▶ Work task
Only the lines below starting at the one that contains "Coat of arms" and ending at the one that contains "Rio Las Vegas." are to be reproduced, exactly and with both ends kept.

▶ Supplied records
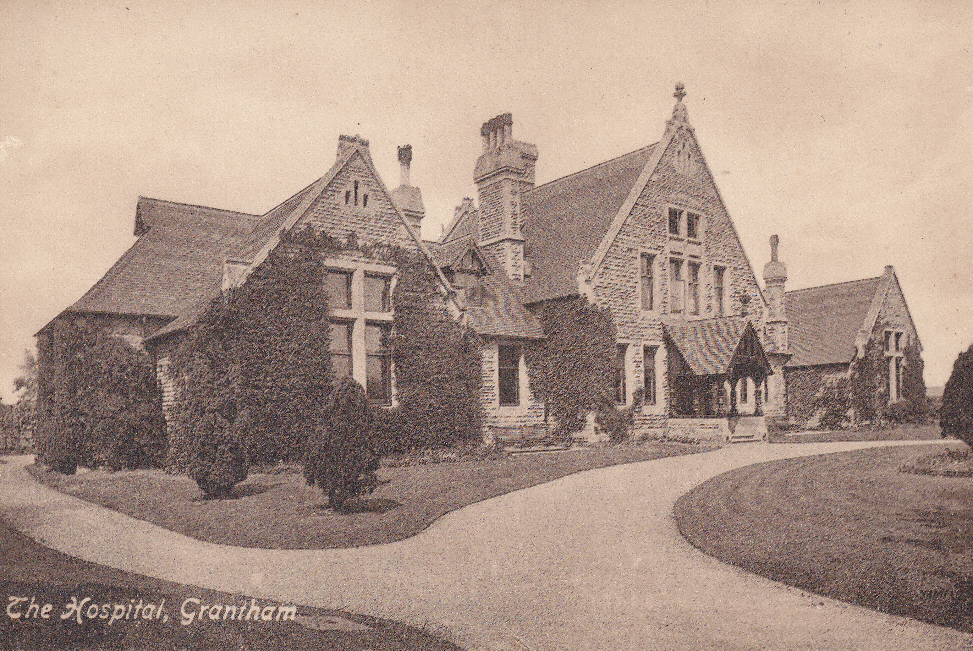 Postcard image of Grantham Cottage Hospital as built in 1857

==

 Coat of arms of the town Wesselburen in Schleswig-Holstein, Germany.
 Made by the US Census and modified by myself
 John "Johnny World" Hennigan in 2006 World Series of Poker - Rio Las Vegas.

* * *

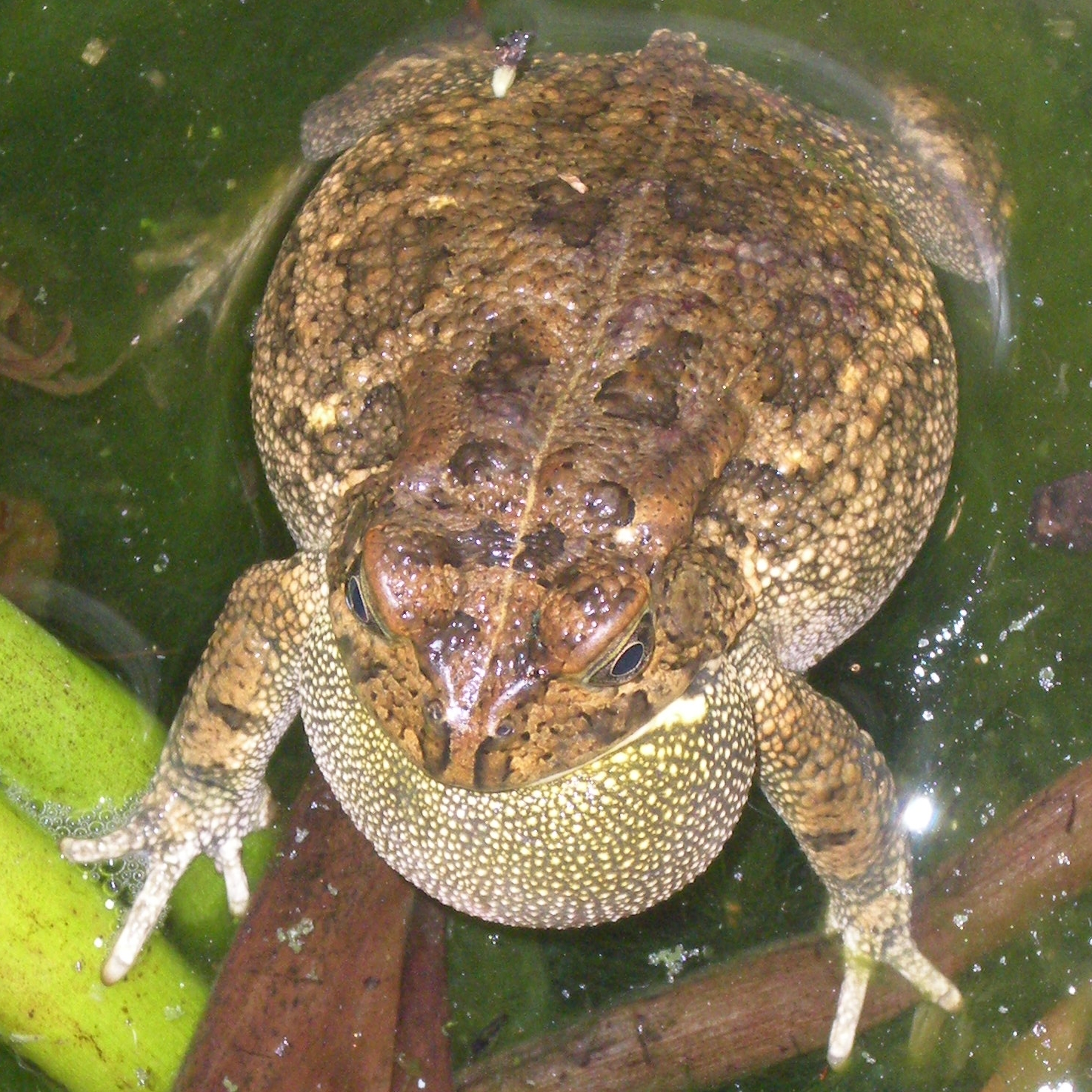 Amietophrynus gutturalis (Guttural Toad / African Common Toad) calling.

▶ Task solution
 Coat of arms of the town Wesselburen in Schleswig-Holstein, Germany.
 Made by the US Census and modified by myself
 John "Johnny World" Hennigan in 2006 World Series of Poker - Rio Las Vegas.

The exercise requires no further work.